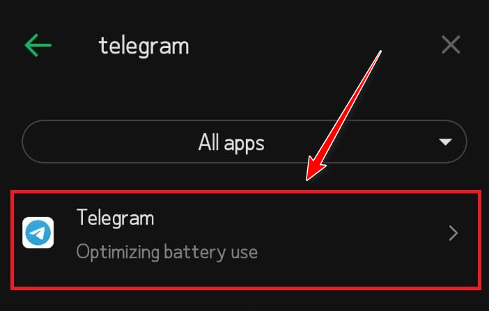 - عيّن Telegram على غير محسّن لتعطيل تحسين البطارية لهذا التطبيق.
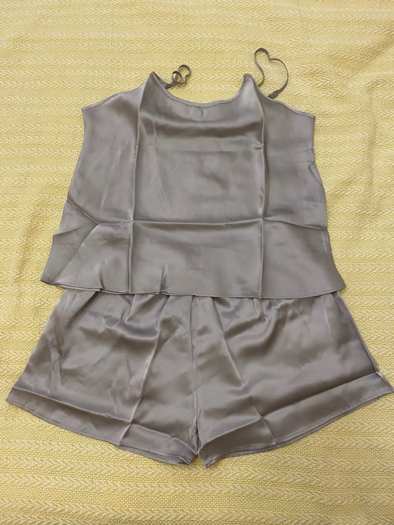 Очень красивая пижама! Приятная, действительно шёлк. Сравнила с шелковой наволочкой, которую покупала в России в специализированном магазине. Очень красивый цвет- жемчужно серый. На параметры 95-73-96, рост 175см, взяла XXL, идеально села. Пижамку однозначно рекомендую!
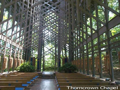 Thanks to Becky Miller for The Poem. Photo is Thorncrown Chapel near Eureka Springs, Ark, taken June 2001. |

::::::::

EXERCISE OBJECTIVE: Every line from the one with "Очень красивая пижама!" through the end of the material above should be restated word for word, with the pictures left out.

RESULT OF THIS EXERCISE:
 Очень красивая пижама! Приятная, действительно шёлк. Сравнила с шелковой наволочкой, которую покупала в России в специализированном магазине. Очень красивый цвет- жемчужно серый. На параметры 95-73-96, рост 175см, взяла XXL, идеально села. Пижамку однозначно рекомендую!
 Thanks to Becky Miller for The Poem. Photo is Thorncrown Chapel near Eureka Springs, Ark, taken June 2001. |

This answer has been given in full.